My Journey of Responsiveness
Throughout my Fulbright grant term, I kept a journal. It is a combination of my parental experience, as my kids went to a public school in Pennsylvania with no previous knowledge of the English language, and my experience as a teacher observing elementary classrooms in Indiana and Pittsburgh, PA. This was my primary research.The questions I asked myself:
- Where is the relationship-building happening? Where is it not happening and why?
- How do I see teachers trying to see students? How is it put into routines?
- How do I notice students feeling seen or families being seen?

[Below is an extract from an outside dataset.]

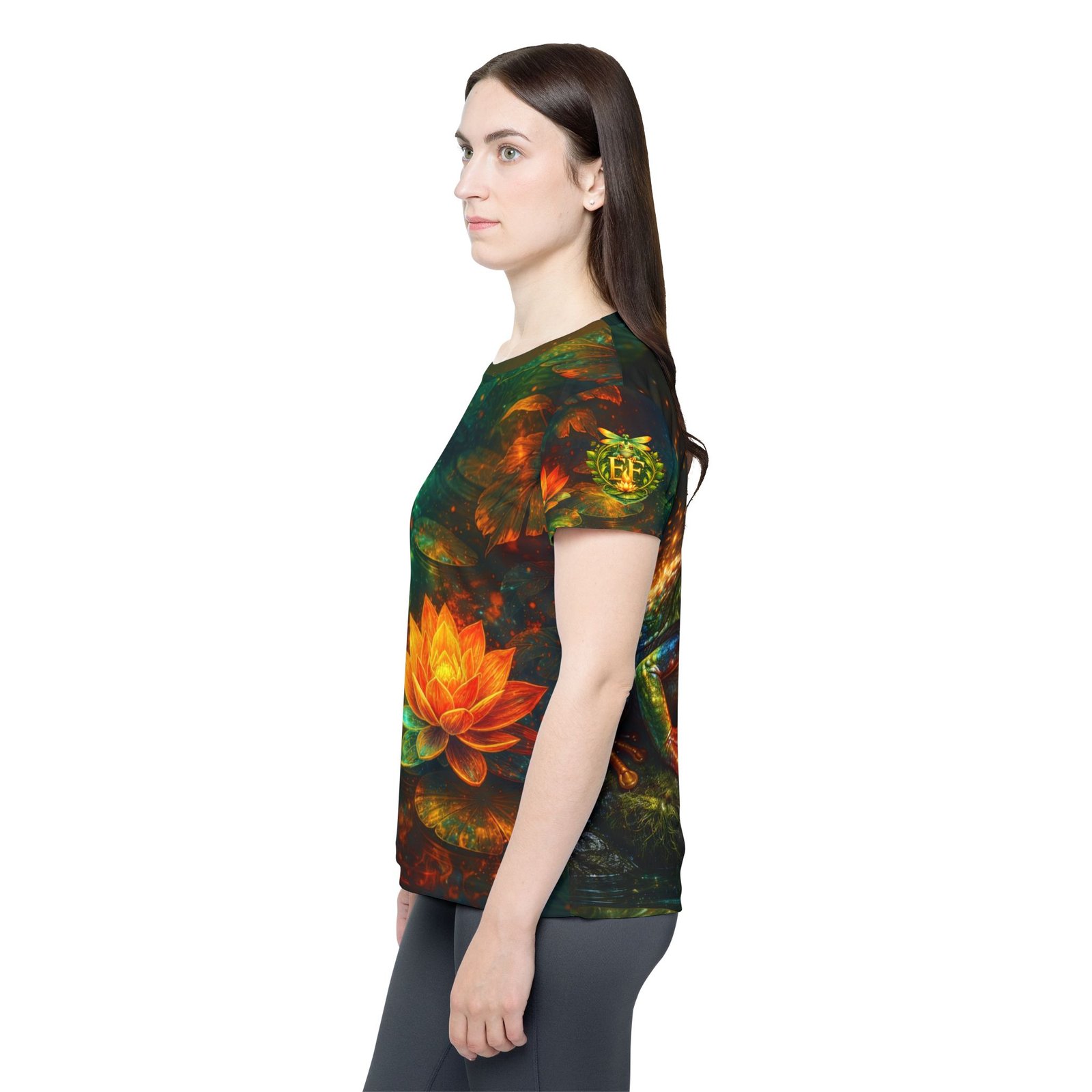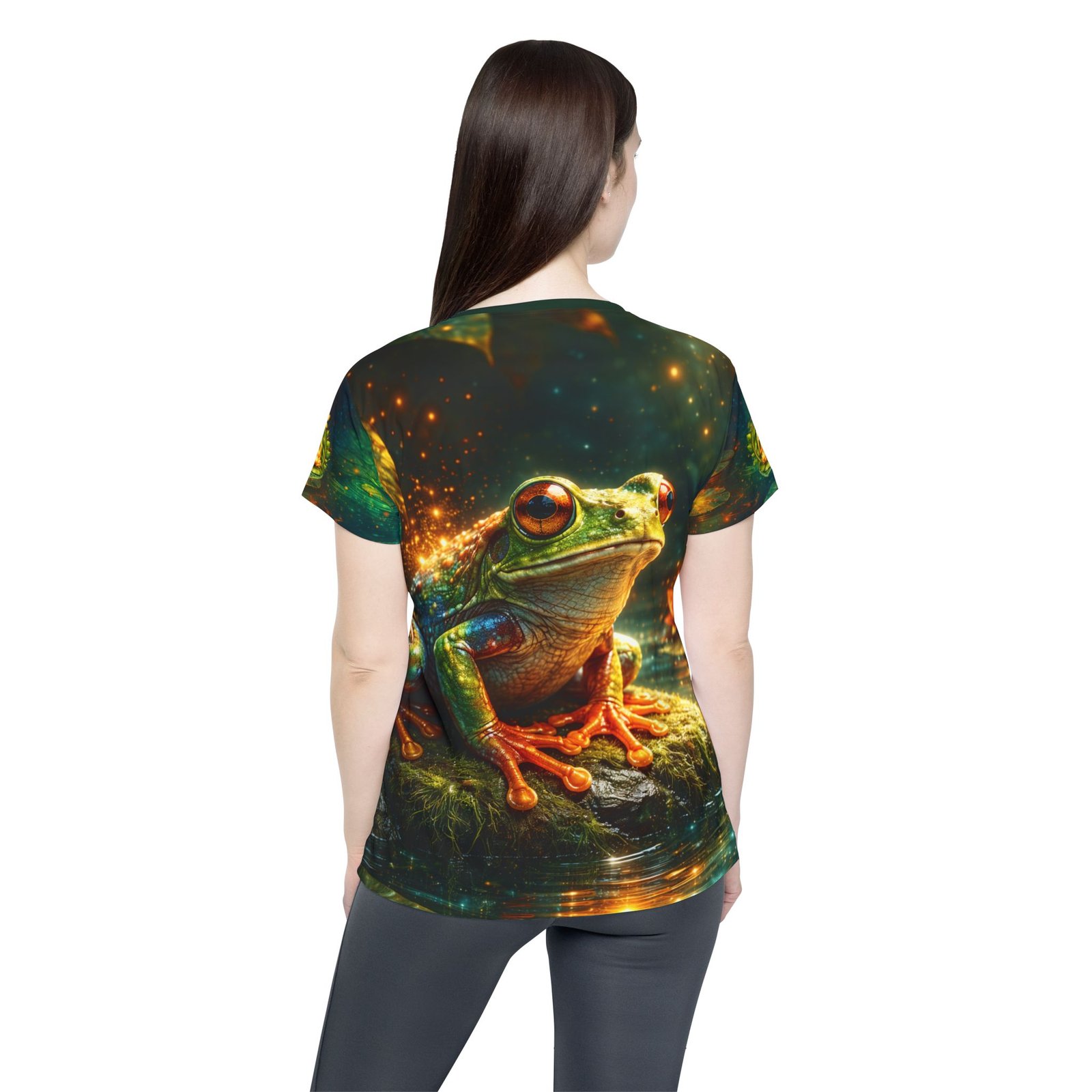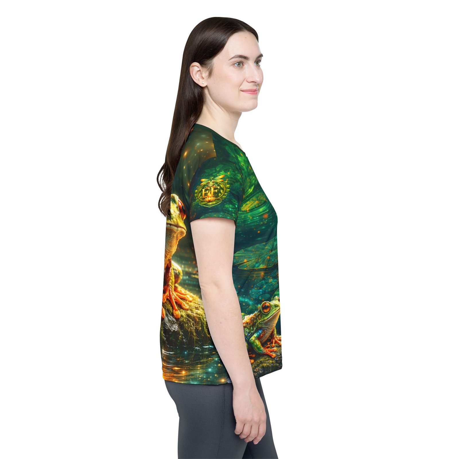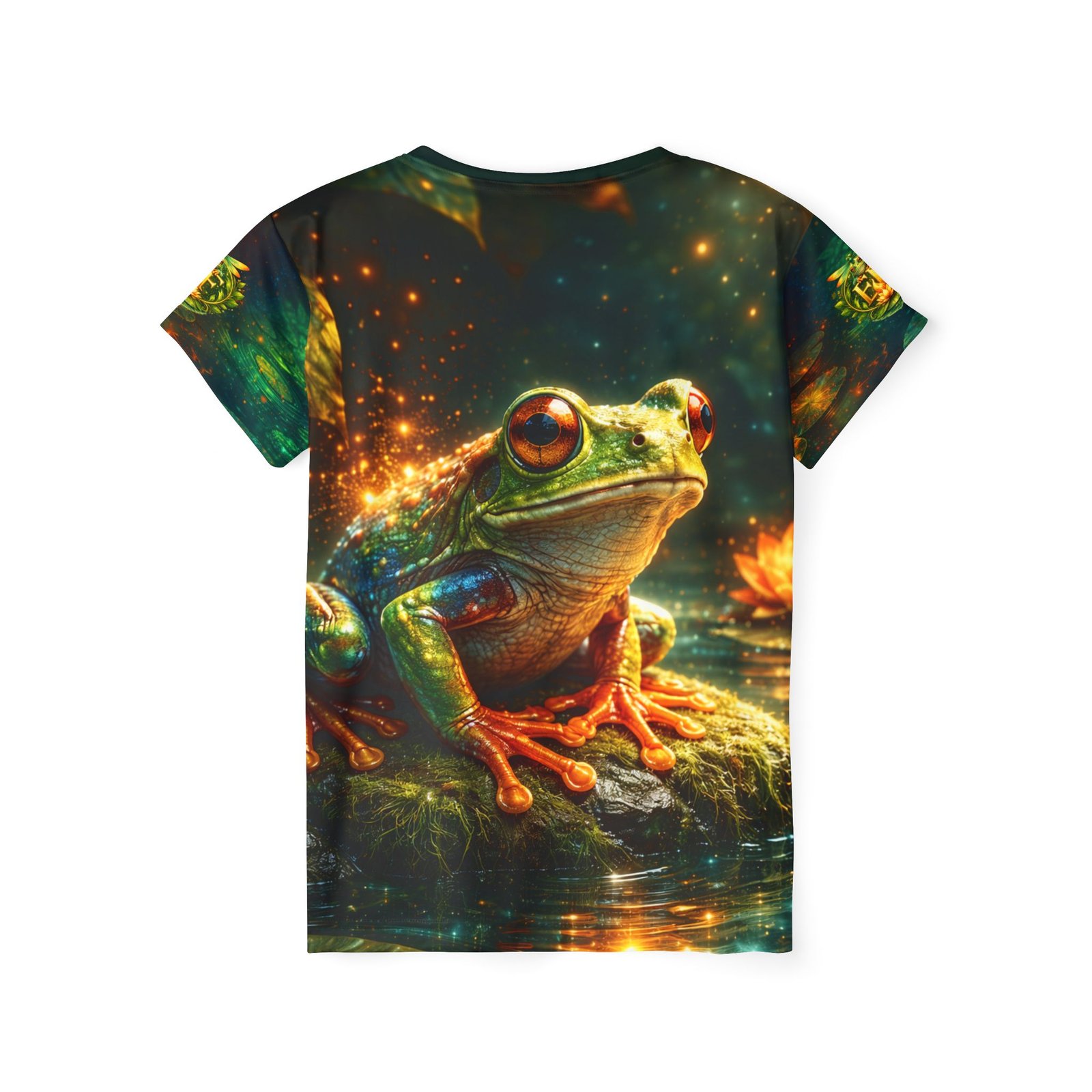 This lightweight jersey brings a pocket of enchanted wetlands into everyday wear. Deep emeralds and glowing amber swirl across the fabric, framing a curious tree frog perched beside a luminous lotus. The print feels like a quiet midnight pond — warm light on water, soft moss beneath your feet, and a tiny, watchful companion at the edge. Wear it when you want color that tells a story: during evening walks, art nights, or whenever you need a little nature magic in your day. The fit sits close but comfortable, and the fabric moves with you whether you’re stretching in yoga or pairing it with jeans for a casual outing.

Reclections on the Importance of
Building relationships
Reflection 1\2
This same deficit thinking or disability lens applies to students with learning differences. My project has led me to wonder whether our definition of cultures in our classrooms should recognize youth culture, gender culture, ethnic culture and a culture of neuro-atypicality. Hammond (2015) talks about the need to shift the school culture to support the intellective capacity building of culturally and linguistically diverse students. I feel we also need to include in this thinking a readiness to adjust our cultural expectations for students with neuro-atypicality. This assertion does not mean lowering expectations, but rather the exact opposite. It means validating and affirming our students, meeting them where they are and teaching them the skills needed to achieve their goal. Hollie (2017) and Hammond (2015) both talk about the importance of the teacher believing that all students are capable of learning and should be given challenging content. For some of our students, the most challenging content is feeling safe enough in the classroom to learn and have the courage to build relationships. This is why as teachers, we need to go into the classroom every morning relationships first.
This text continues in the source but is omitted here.